▶ _Task objective_
Only the lines below from the one that contains "Ultraschall vom 26.10.2016, es" through the one that contains "Ένα κολιέ γεμάτο" should appear in your answer, exact and without pictures.

▶ _Supplied information_

——

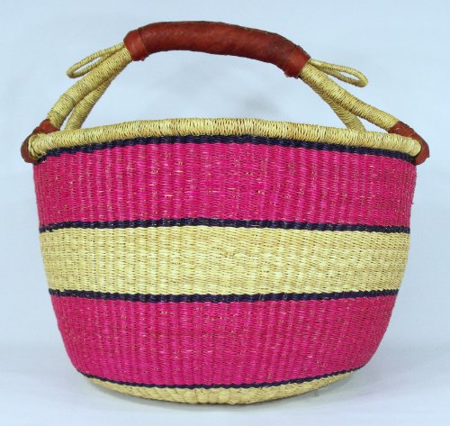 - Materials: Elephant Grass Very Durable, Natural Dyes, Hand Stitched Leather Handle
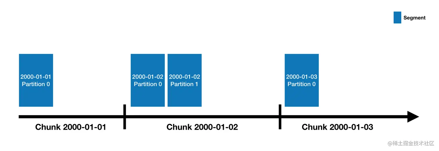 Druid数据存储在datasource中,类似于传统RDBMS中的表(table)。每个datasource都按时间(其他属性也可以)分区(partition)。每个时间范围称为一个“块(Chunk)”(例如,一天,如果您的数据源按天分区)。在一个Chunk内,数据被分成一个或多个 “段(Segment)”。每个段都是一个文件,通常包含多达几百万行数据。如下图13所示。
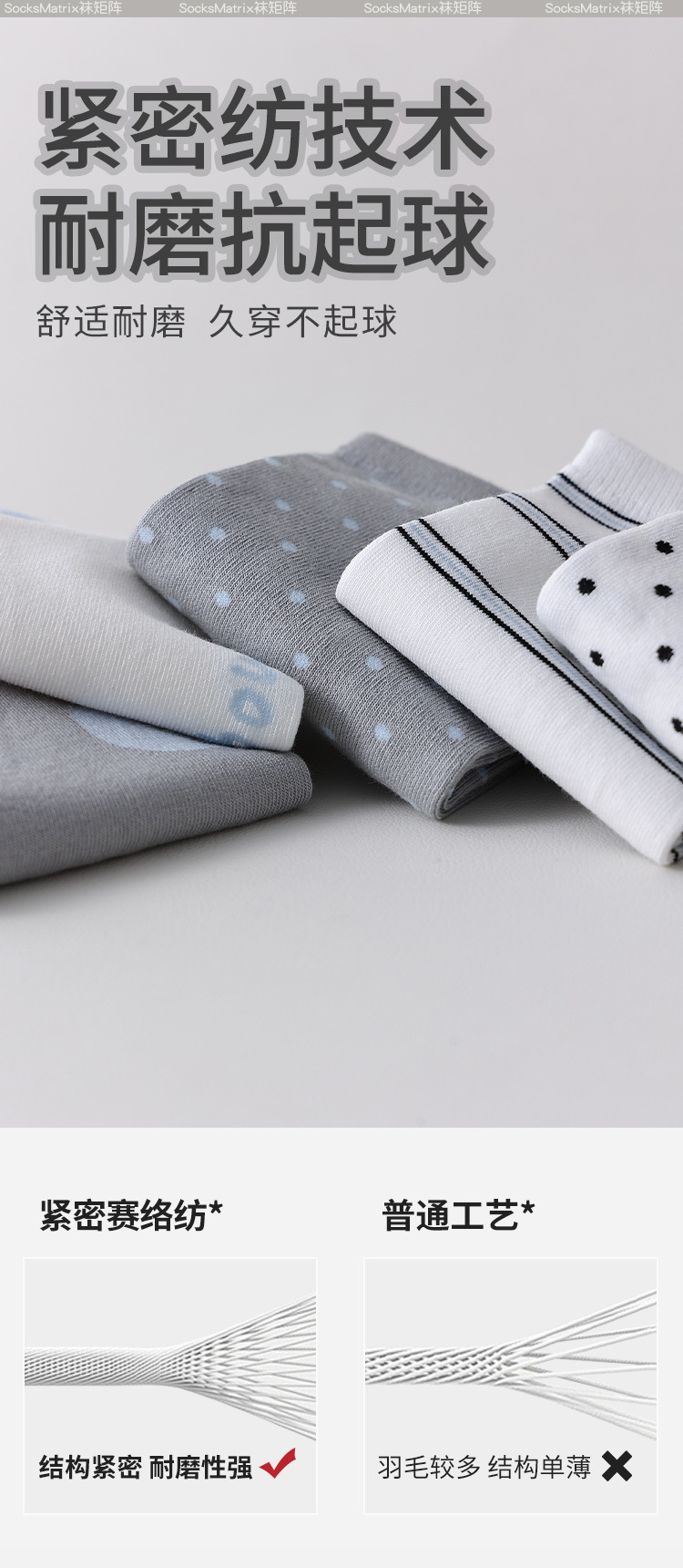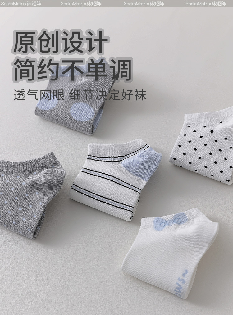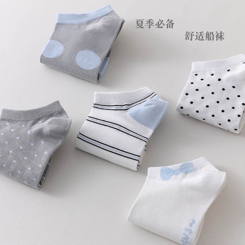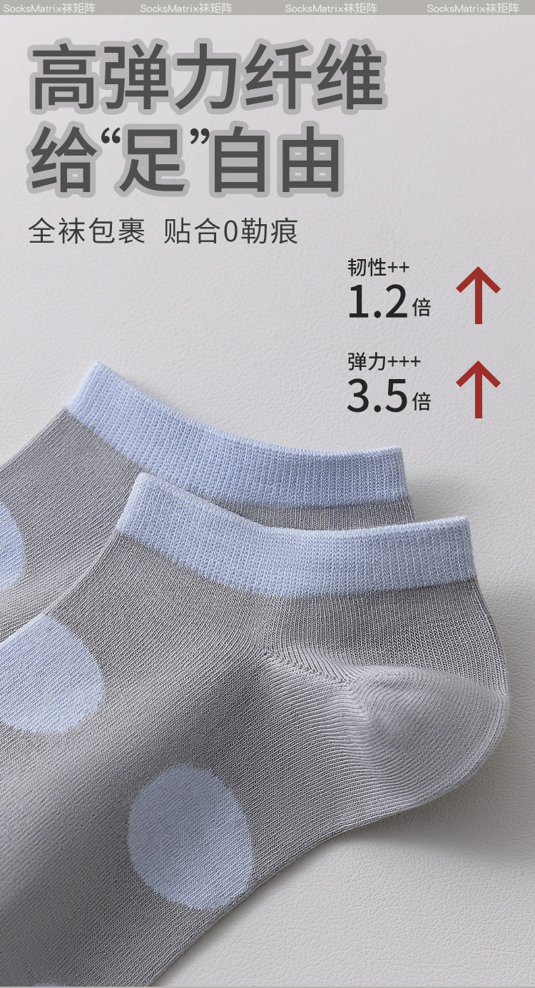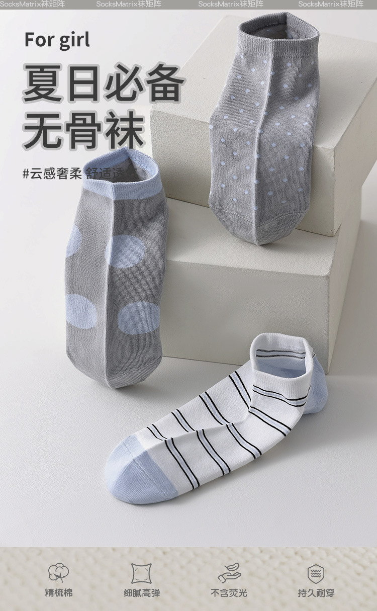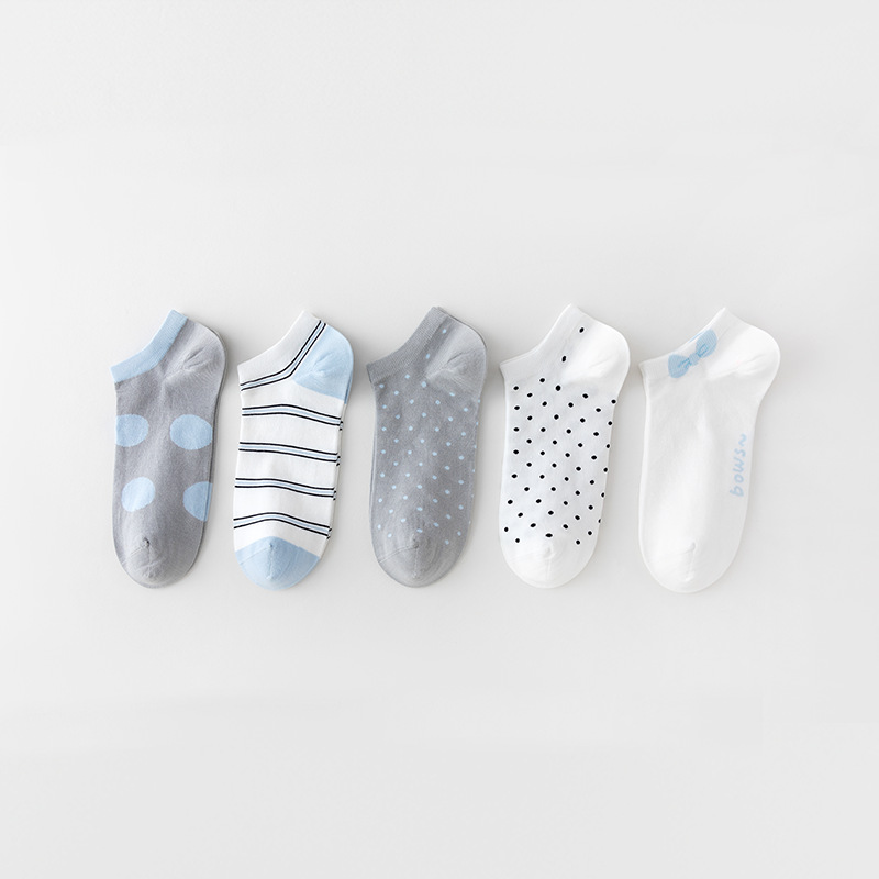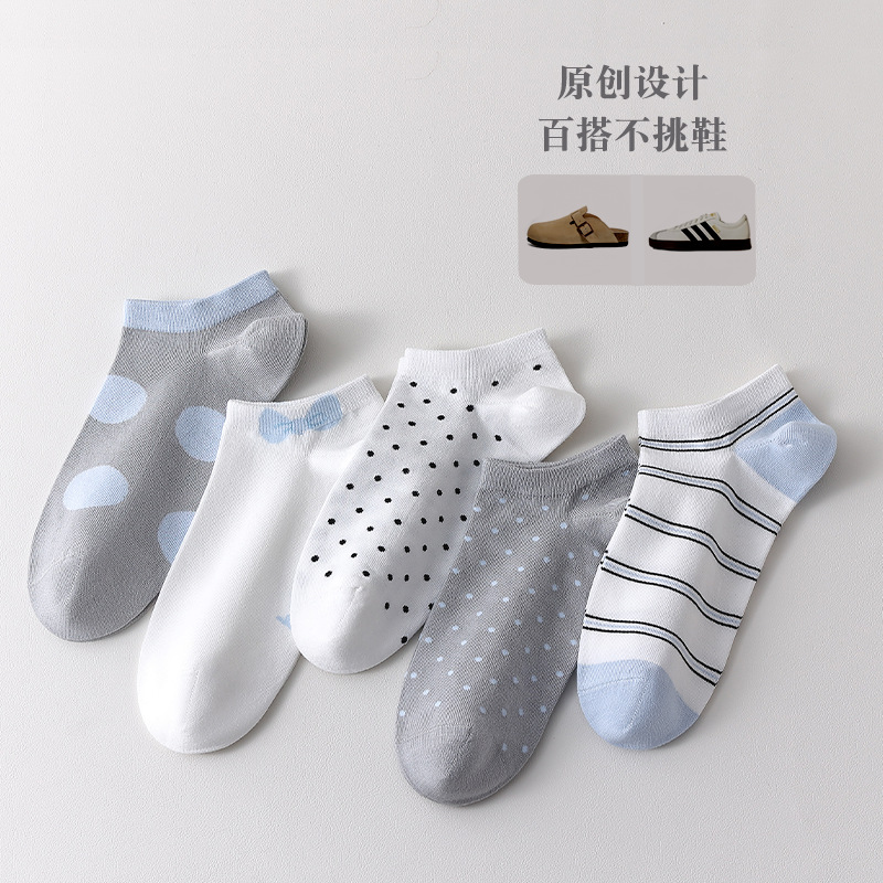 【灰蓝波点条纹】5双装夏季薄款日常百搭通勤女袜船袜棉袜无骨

——

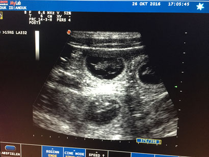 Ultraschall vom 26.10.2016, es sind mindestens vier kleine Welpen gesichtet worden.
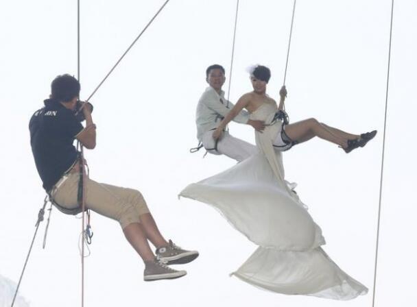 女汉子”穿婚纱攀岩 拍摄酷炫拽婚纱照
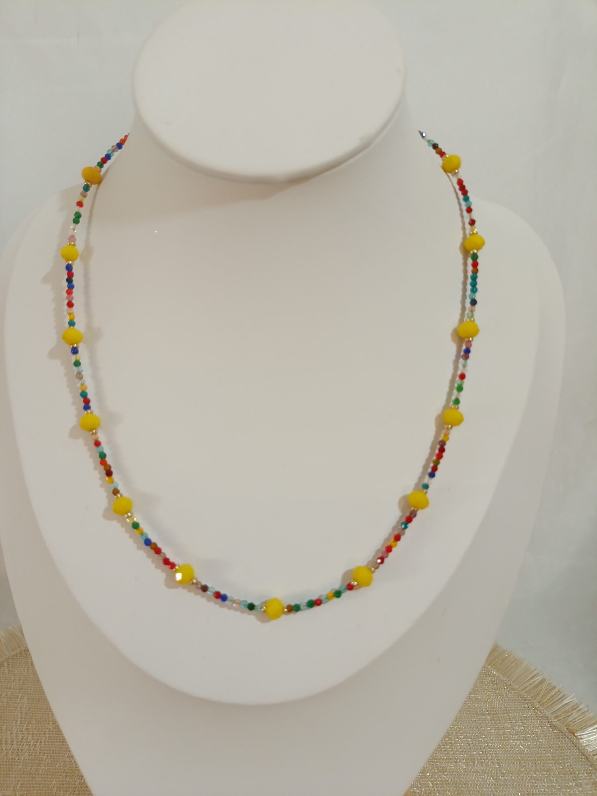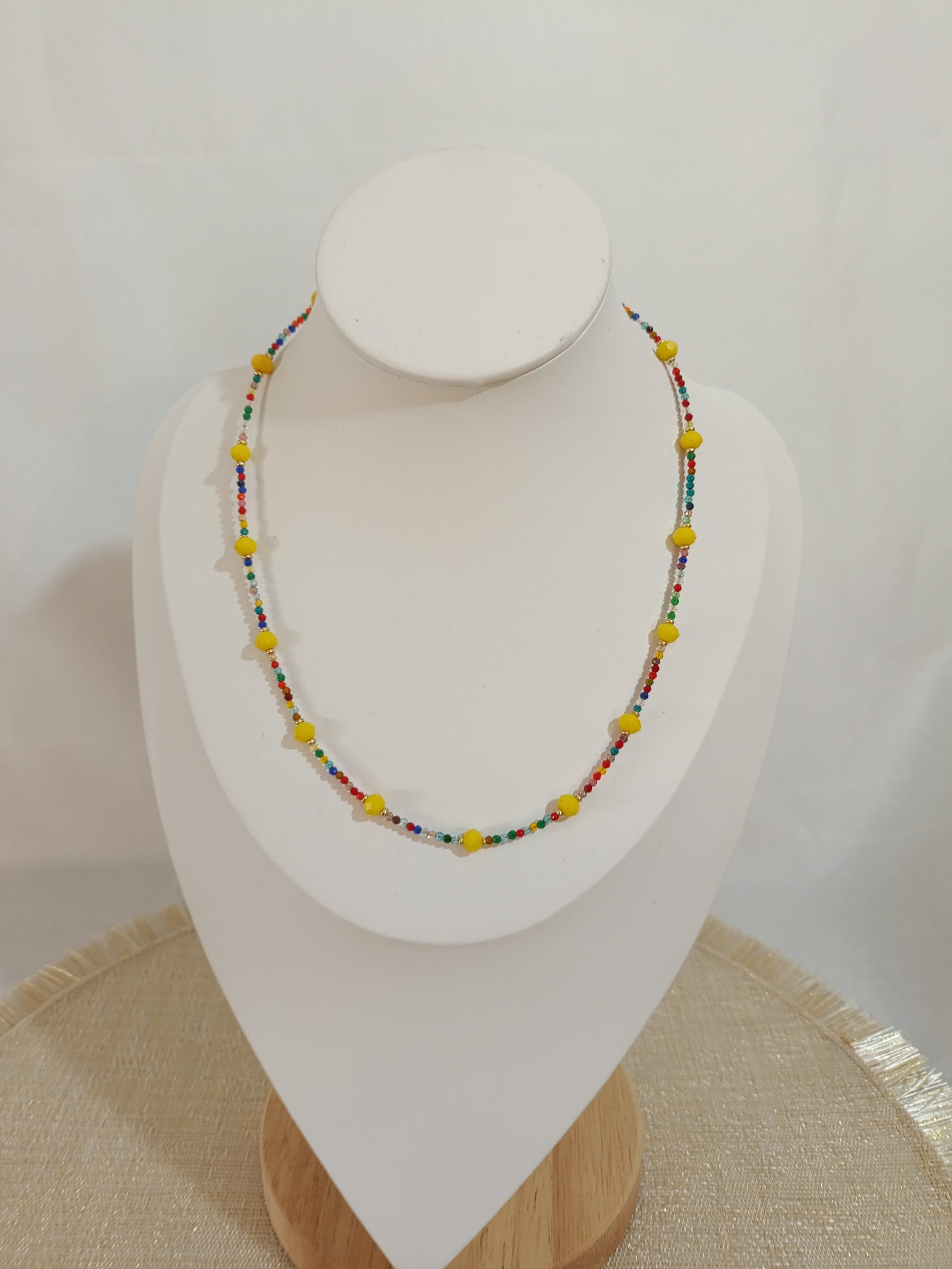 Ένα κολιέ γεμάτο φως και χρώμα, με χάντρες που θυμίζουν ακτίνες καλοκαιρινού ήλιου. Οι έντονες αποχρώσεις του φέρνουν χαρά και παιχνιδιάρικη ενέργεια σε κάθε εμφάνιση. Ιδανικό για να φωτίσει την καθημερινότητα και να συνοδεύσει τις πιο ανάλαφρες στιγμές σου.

——

▶ _Answer for the task_
 Ultraschall vom 26.10.2016, es sind mindestens vier kleine Welpen gesichtet worden.
 女汉子”穿婚纱攀岩 拍摄酷炫拽婚纱照
 Ένα κολιέ γεμάτο φως και χρώμα, με χάντρες που θυμίζουν ακτίνες καλοκαιρινού ήλιου. Οι έντονες αποχρώσεις του φέρνουν χαρά και παιχνιδιάρικη ενέργεια σε κάθε εμφάνιση. Ιδανικό για να φωτίσει την καθημερινότητα και να συνοδεύσει τις πιο ανάλαφρες στιγμές σου.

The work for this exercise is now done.